But oh, turns out they absolutely are real, and Mo Ran is one of them now. For some reason. Because someone turned him, which is still batshit (ha. Bat. Get it?) crazy to him, but nothing he can do about it now. He supposes he’s immortal now.

Look, Mo Ran is over his teenage suicidality, but immortality wasn’t actually in his plans either, if he’s honest. Well, he supposes that he has been told vampires aren’t actually immortal. They just get very old. As far as he knows, the oldest vampire in the world is some old fart that’s like, slightly above a thousand years old. Or at least, Xue Meng had said. Who’s also a vampire.

Goddamnit.

Mo Ran hadn’t thought his annoying coworker was a vampire. Or in other words: Mo Ran hadn’t thought that pretty much everyone at the company he works at is a vampire. He didn’t have a single clue. He’d feel somewhat threatened in hindsight, if not for the fact that the single only thing he knows about vampire politics is that Sisheng Faction is hated as hell because they don’t drink human blood. Vegetarian, so to speak. Partly because vampires don’t actually need blood, and partly because animal blood absolutely will suffice if you truly have a craving too great to face with a piece of bread or a bowl of noodles.

Mo Ran did get blood, when he woke up. Xue Meng was feeding him something almost immediately, which he’d later told Mo Ran was because otherwise he would go on a rampage and hurt someone in a search for human blood, because that’s what happens when you get turned. But it didn’t, because Mengmeng was right by his side feeding him cow blood mixed with a bit of human blood stolen from a hospital to satiate the first craving. The thing is, Mo Ran had figured it would be medicine, since he’d been run over by a carriage of some kind, so he’d just drunk it, thinking it tastes slightly metallic, but not making much of it.

Only when he came to properly and was confronted with the fact that he’d just downed three whole liters of cow blood (he feels like the few drops of human blood in it mattered significantly less, somehow) did he feel somewhat sick at the thought.

Over the past three weeks, then, Mo Ran has learned a lot. For the first two, he was sickly, as if he had a cold, and people – Xue Meng, Xue Zhengyong and Wang Chuqing, who were his two bosses back when he was still human, and this random guy named Shi Mei – kept bringing him blood. Mostly cow and horse blood, but once Xue Zhengyong wormed his way in with a bottle of a swirling, deep-blue liquid, grinning.
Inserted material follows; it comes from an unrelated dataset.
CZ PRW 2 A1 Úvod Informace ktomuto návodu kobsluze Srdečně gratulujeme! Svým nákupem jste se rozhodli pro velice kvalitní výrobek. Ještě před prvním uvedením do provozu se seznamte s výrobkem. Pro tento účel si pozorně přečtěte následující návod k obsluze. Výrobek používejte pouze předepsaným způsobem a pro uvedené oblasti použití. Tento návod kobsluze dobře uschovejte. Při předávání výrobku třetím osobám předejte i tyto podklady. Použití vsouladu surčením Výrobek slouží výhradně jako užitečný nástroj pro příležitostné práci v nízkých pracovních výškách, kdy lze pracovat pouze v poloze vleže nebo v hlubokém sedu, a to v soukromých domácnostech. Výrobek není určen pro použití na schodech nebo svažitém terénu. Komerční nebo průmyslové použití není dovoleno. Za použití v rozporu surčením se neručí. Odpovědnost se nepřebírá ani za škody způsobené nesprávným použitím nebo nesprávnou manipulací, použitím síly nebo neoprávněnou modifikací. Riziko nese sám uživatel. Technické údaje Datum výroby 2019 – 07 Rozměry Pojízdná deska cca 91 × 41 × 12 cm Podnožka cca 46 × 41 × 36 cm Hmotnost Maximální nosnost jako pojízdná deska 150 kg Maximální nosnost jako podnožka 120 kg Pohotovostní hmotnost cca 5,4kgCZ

That was at the two-weeks mark, and he’d handed it to Mo Ran with a wink, and told him that well, alcohol won’t really do the job anymore when you’re a vampire, so he’ll have to make do with, well.
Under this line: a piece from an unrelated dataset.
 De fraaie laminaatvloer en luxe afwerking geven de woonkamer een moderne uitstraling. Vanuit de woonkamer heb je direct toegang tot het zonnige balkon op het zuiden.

Octopus blood. A rarity, apparently.

Mo Ran got entirely smashed and woke up with a headache much worse than the one he’d had after being hit by a carriage and then being turned into a vampire. Not again any time soon. Given he has since learned the price of octopus blood…

Yeah.

Not again any time soon.

In the past week, then, Mo Ran has simply started to work again. He still needs to eat and sleep like normal humans, so he got up at seven – although in company quarters rather than his own flat still, went to work, took his lunch break, went back to work, and then he went back to his quarters. Or, in other words: being a vampire has been weirdly uneventful. Mo Ran hasn’t gotten a single craving for blood, nor has he lived any differently. He’s noticed he’s stronger, and he’s had some trouble with picking up glasses without breaking them, but that only made him feel like some super strong dude in a novel, and thus, he quite liked even that difficulty. Xue Meng said that the one who turned him, Chu Wanning, might teach him some stuff. How to get around and all. He did that for the rest of them, since apparently it was this Chu Wanning guy who turned most of the people at the company.
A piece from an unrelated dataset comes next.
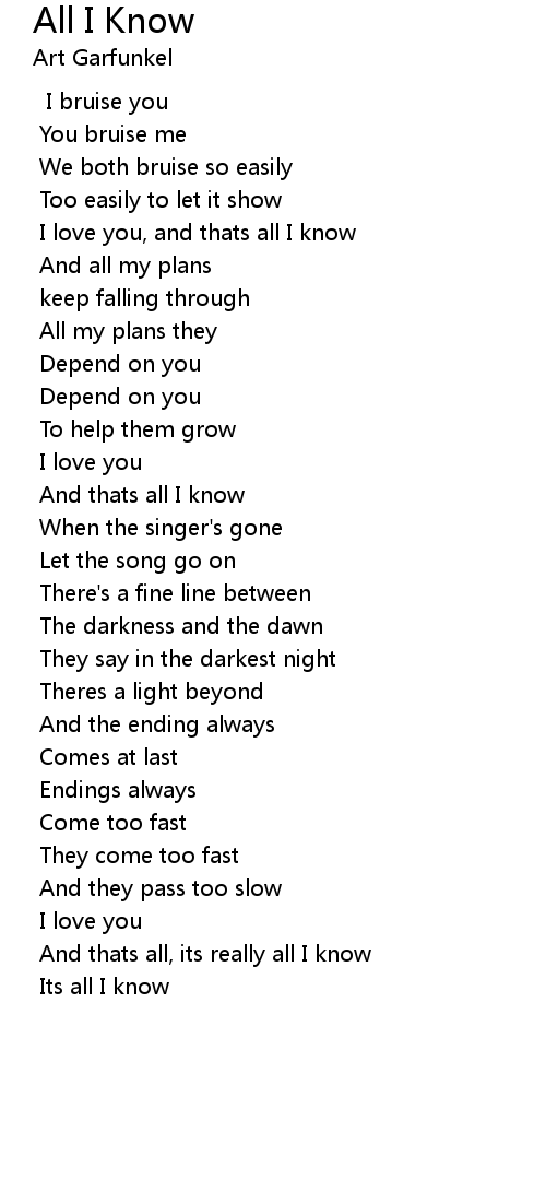 I love you, and thats all I know |

Mo Ran had asked why. He could’ve just let him die.

Xue Meng’s response was to bristle and scold Mo Ran for ever questioning Chu Wanning’s decisions.

Xue Zhengyong’s answer was a little sigh and a smile on his face that you’d expect someone to give about an unruly child, saying that Chu Wanning just truly cannot stand to let people die. Honorable, Mo Ran guesses. After all, you can literally just live like before, and if you’ve got enough of it all, get yourself a wooden stake or a silver bullet and have it over with and all.

Wang Chuqing’s answer was a kind little nod, telling him the same thing, but in more respectful terms.

What Mo Ran has thus gathered about his savior that he is about to meet in no fucking time at all is that he:

One: Has a massive savior complex.

Two: Is the leader of an age old faction promoting non-human blood consumption from either ethical animal sources or each other, as vampires can drink from each other and be entirely fine about it.

Three: Is apparently imposing as fuck, because everyone has been hyping him up.

Needless to say, Mo Ran is terrified to hell and back now that he is about to meet this man. Shi Mei is taking him down to the basement, where Chu Wanning mostly operates from. There’s a whole network there. Mo Ran’s been told that if he wants to, he can join their vampire work, but he doesn’t have to. It’s up to him. but he should at least meet Chu Wanning once to talk it over with, and receive some instructions on what to do now that he’s been turned.

Also, apparently, Chu Wanning is the traditional kind, who absolutely insists on properly introducing himself to the people he has turned. Mo Ran didn’t know this is related to tradition, but okay. He’s new to the whole vampire thing. What the fuck does he know?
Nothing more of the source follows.